[Recorded data]:
★ ★ ★
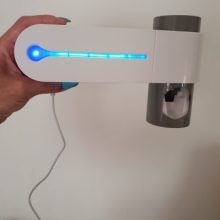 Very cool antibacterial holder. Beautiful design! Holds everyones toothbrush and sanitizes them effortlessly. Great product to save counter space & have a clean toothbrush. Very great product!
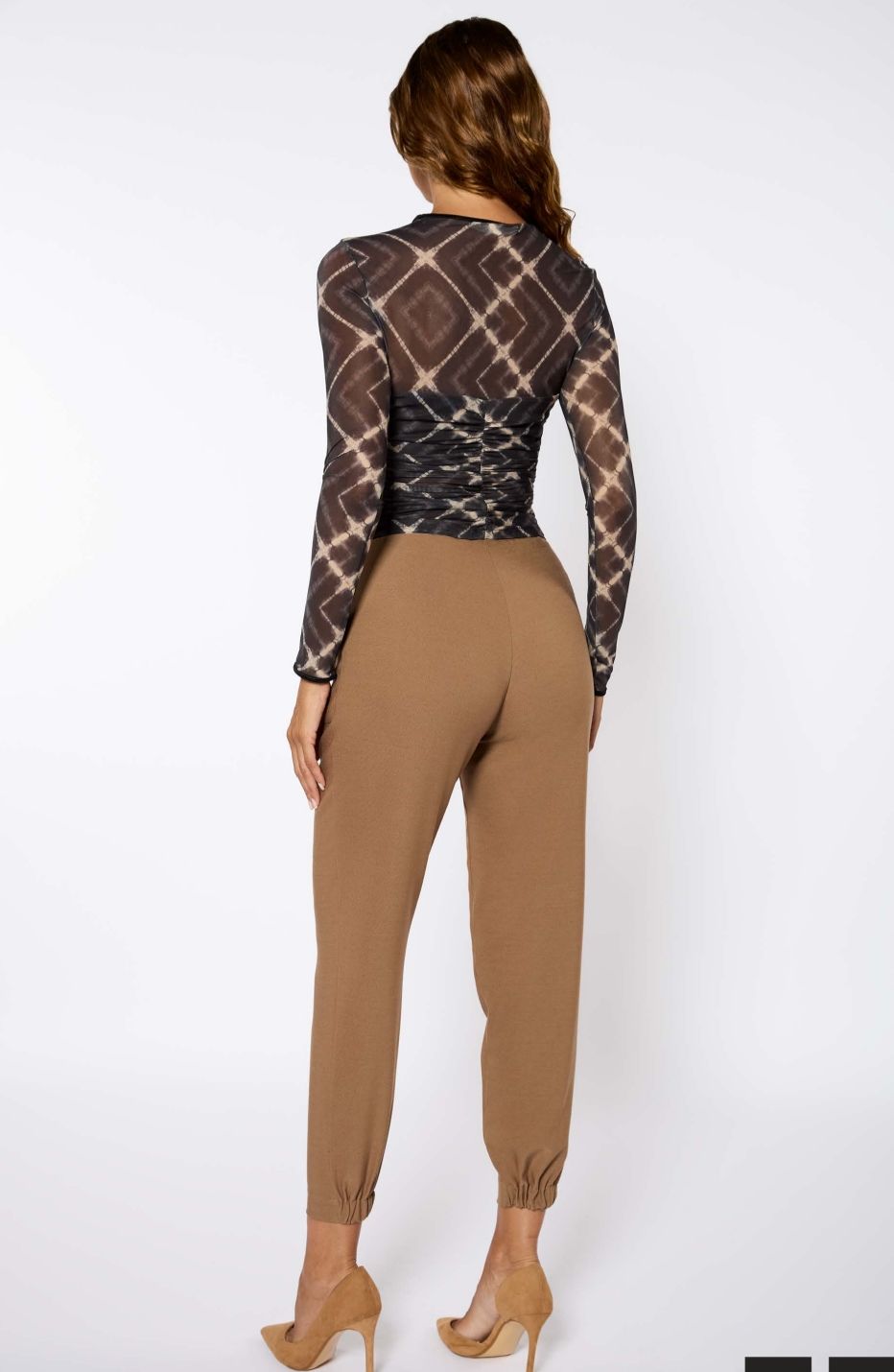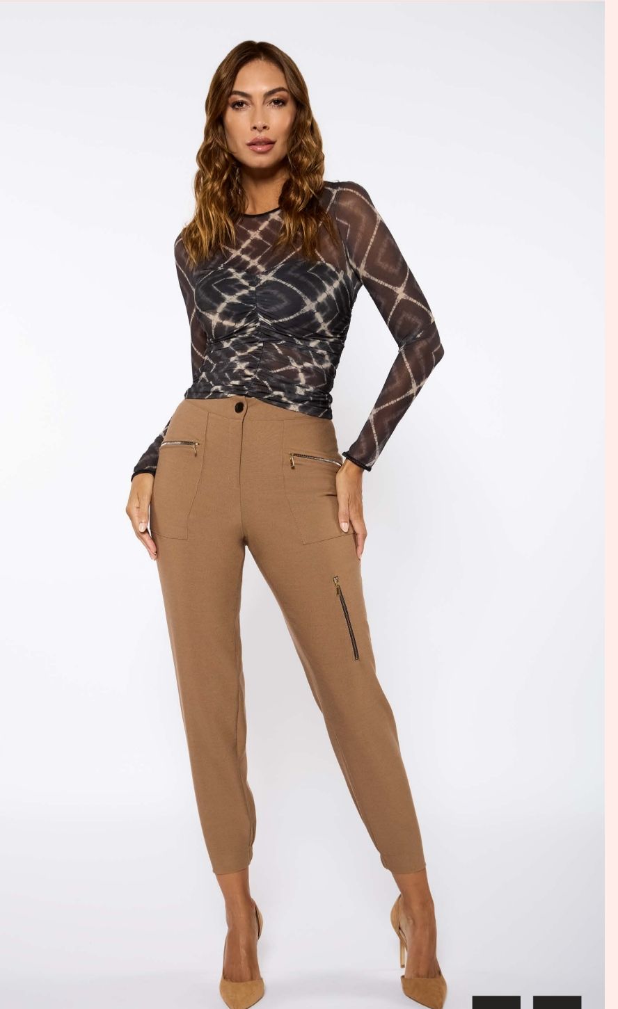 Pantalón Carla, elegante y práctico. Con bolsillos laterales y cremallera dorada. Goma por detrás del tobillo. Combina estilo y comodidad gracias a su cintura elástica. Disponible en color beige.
★ ★ ★
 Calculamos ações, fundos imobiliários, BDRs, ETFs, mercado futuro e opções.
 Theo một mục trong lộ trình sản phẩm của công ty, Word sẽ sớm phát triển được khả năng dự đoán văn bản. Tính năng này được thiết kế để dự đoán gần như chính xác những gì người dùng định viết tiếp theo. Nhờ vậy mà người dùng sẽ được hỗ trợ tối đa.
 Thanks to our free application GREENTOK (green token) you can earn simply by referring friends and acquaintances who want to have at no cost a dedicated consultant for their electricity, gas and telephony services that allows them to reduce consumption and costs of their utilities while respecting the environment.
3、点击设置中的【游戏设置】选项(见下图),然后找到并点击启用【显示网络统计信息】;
★ ★ ★
Reproduce exactly the stretch of the material above that starts at the line with "Theo một mục" and ends at the line with "3、点击设置中的【游戏设置】", both included, and nothing else.

[Reply to the exercise]:
 Theo một mục trong lộ trình sản phẩm của công ty, Word sẽ sớm phát triển được khả năng dự đoán văn bản. Tính năng này được thiết kế để dự đoán gần như chính xác những gì người dùng định viết tiếp theo. Nhờ vậy mà người dùng sẽ được hỗ trợ tối đa.
 Thanks to our free application GREENTOK (green token) you can earn simply by referring friends and acquaintances who want to have at no cost a dedicated consultant for their electricity, gas and telephony services that allows them to reduce consumption and costs of their utilities while respecting the environment.
3、点击设置中的【游戏设置】选项(见下图),然后找到并点击启用【显示网络统计信息】;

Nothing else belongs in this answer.